- DESCRIPTION OF THE TASK
Transcribe the entries below exactly from their first line through the line containing "When the Hard", and let no picture into the copy.
□ □ □ □
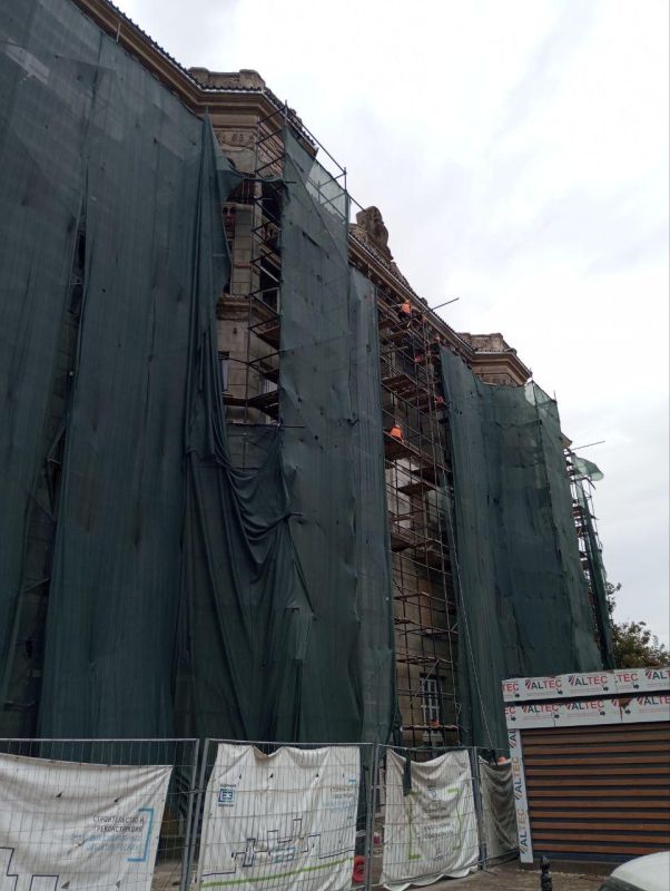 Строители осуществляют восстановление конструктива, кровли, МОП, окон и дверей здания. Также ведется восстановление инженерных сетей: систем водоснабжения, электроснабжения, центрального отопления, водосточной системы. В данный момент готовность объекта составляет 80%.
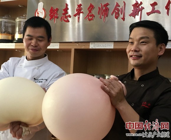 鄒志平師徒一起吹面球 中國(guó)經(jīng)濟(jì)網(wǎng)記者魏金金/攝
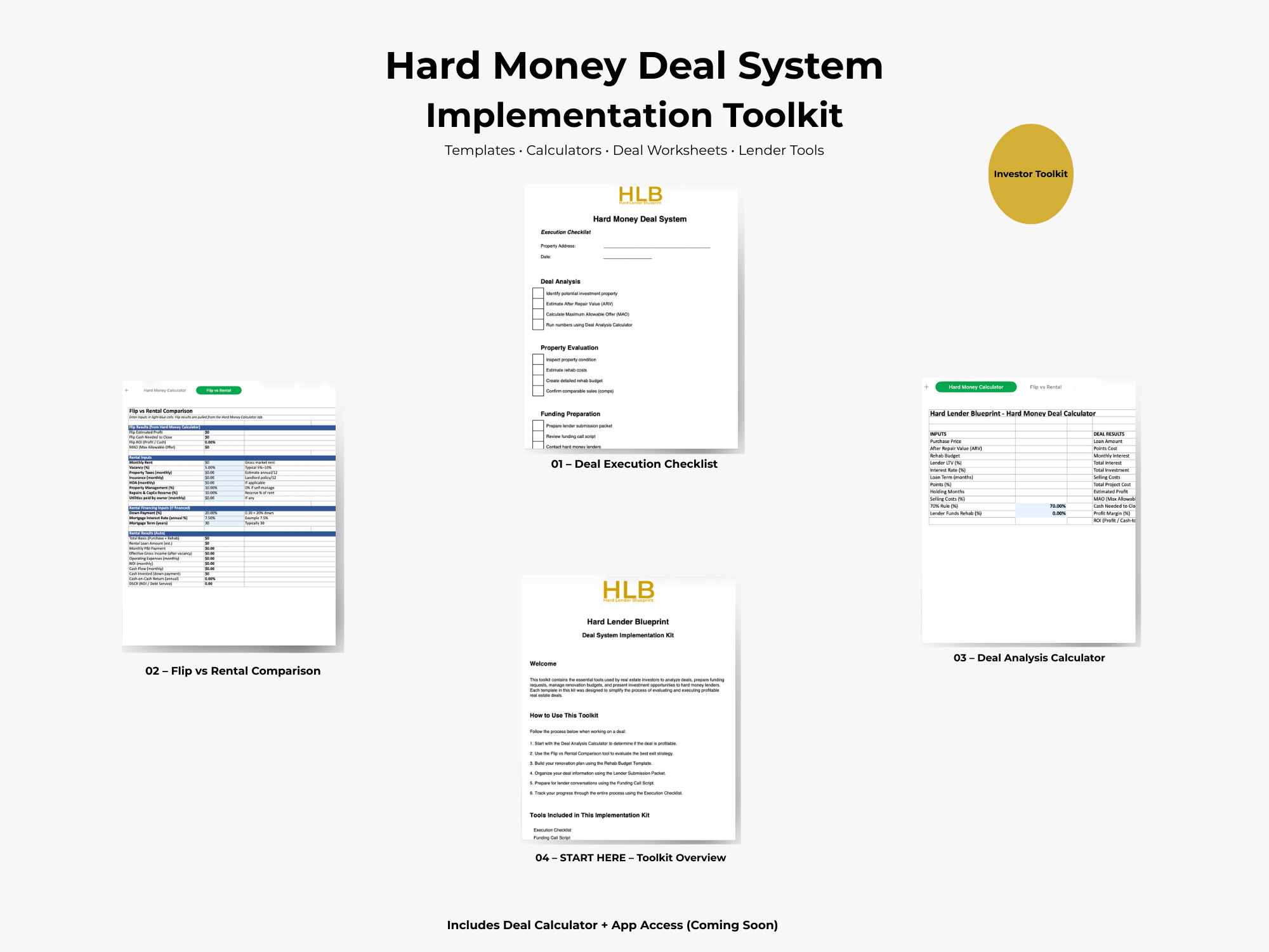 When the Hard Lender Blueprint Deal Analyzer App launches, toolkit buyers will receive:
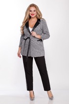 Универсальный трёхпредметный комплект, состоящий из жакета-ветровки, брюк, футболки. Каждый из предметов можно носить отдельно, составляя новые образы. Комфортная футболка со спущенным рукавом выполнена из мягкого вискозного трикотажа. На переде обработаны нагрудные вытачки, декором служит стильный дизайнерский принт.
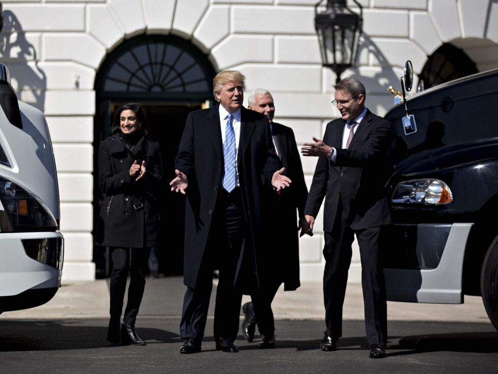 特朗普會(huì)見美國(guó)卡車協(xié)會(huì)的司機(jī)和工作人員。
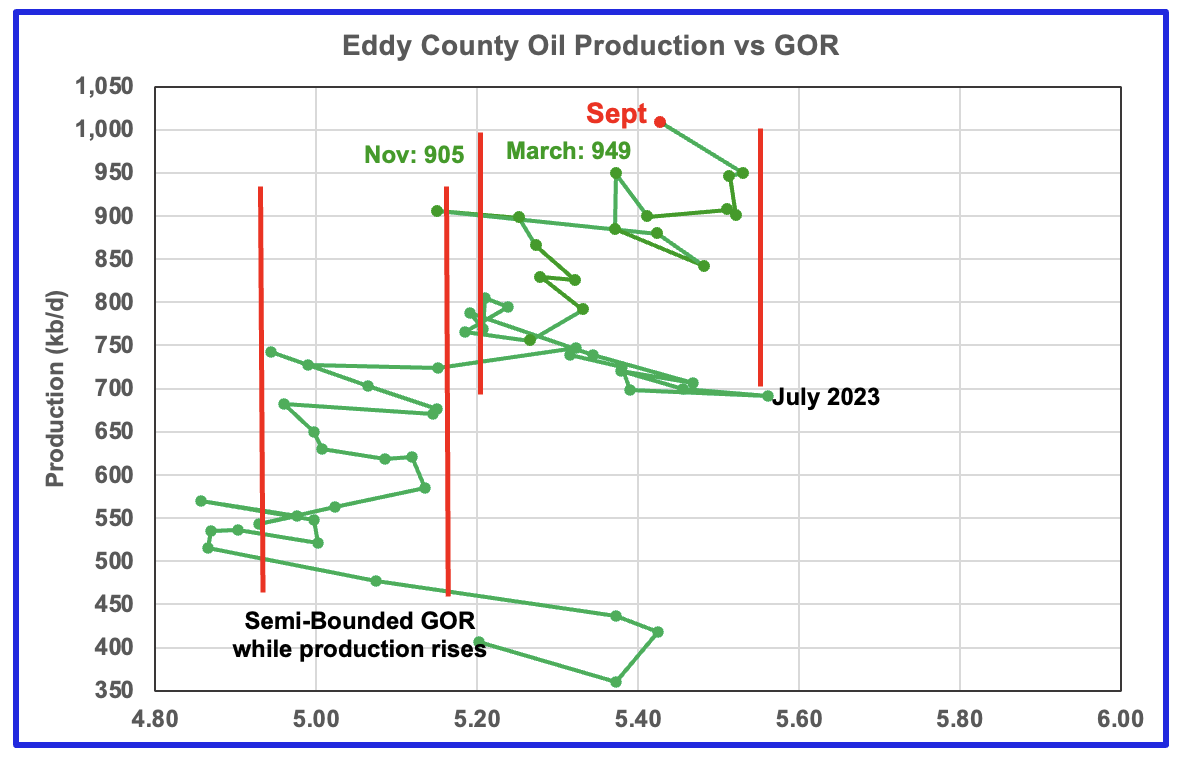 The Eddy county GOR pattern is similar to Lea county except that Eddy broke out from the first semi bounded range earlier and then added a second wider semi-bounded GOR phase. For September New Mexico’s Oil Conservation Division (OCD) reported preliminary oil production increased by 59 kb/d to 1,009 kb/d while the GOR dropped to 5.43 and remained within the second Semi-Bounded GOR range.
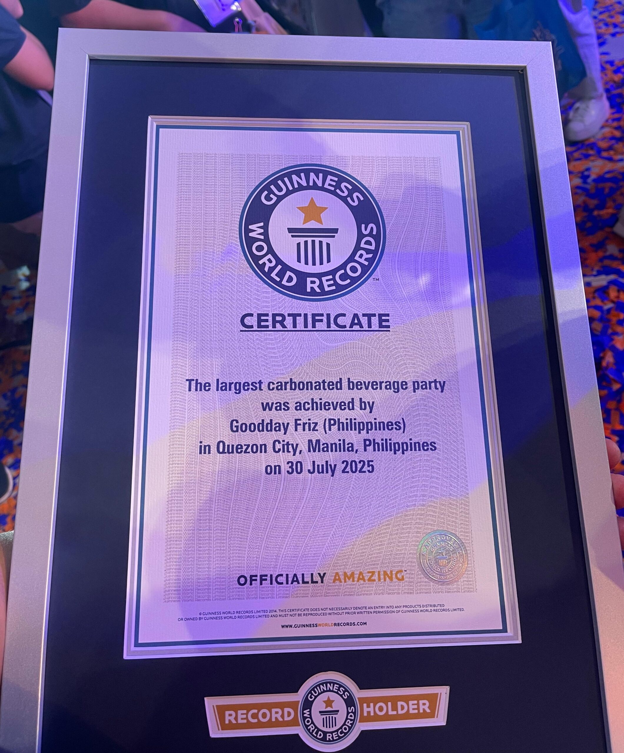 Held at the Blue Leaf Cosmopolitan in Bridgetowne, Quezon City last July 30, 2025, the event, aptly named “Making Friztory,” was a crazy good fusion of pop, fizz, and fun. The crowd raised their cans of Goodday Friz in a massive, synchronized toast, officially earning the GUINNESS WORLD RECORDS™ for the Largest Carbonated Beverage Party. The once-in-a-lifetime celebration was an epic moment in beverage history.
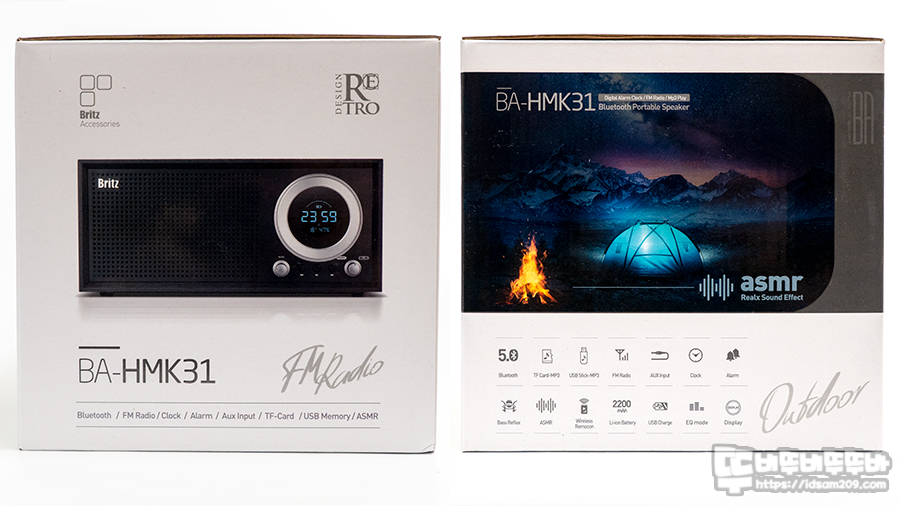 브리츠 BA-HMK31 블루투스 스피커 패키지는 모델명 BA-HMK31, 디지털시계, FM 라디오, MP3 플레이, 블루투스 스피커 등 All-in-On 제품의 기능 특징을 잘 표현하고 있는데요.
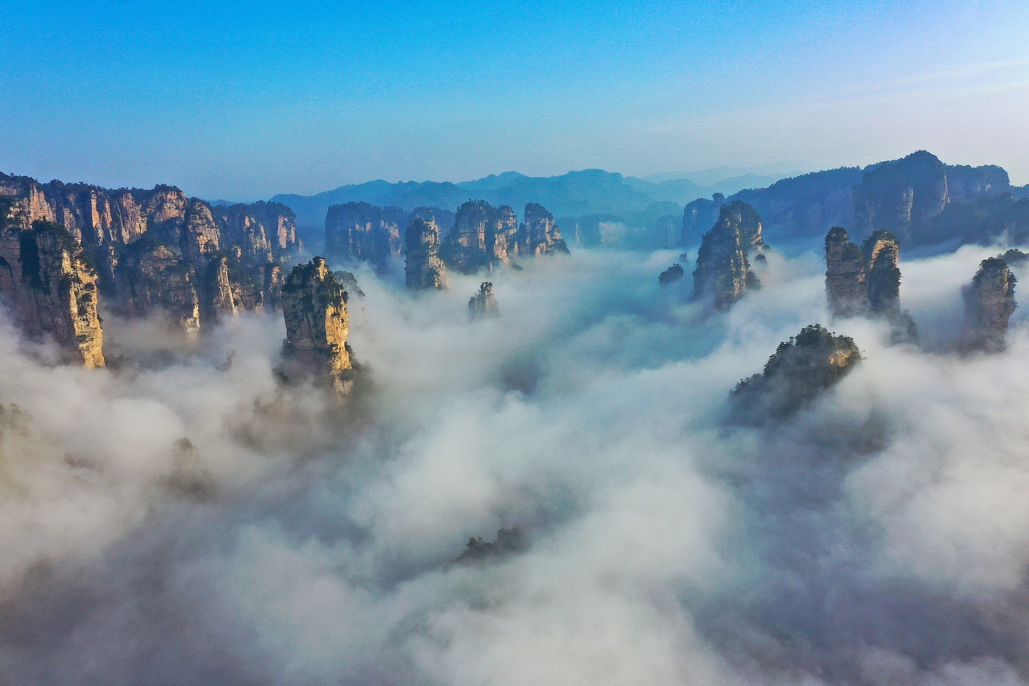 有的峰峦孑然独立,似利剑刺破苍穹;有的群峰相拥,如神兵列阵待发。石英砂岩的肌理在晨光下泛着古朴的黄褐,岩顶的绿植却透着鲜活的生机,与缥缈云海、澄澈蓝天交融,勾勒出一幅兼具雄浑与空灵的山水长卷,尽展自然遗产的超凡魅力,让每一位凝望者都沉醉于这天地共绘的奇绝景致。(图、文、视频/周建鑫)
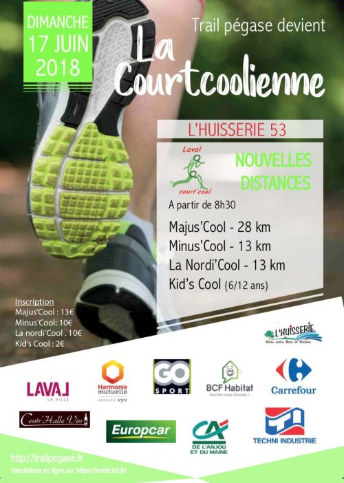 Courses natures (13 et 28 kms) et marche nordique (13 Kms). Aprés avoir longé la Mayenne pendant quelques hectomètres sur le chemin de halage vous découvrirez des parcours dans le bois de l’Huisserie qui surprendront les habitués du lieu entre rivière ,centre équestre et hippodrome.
□ □ □ □
- RESULT BELOW
 Строители осуществляют восстановление конструктива, кровли, МОП, окон и дверей здания. Также ведется восстановление инженерных сетей: систем водоснабжения, электроснабжения, центрального отопления, водосточной системы. В данный момент готовность объекта составляет 80%.
 鄒志平師徒一起吹面球 中國(guó)經(jīng)濟(jì)網(wǎng)記者魏金金/攝
 When the Hard Lender Blueprint Deal Analyzer App launches, toolkit buyers will receive:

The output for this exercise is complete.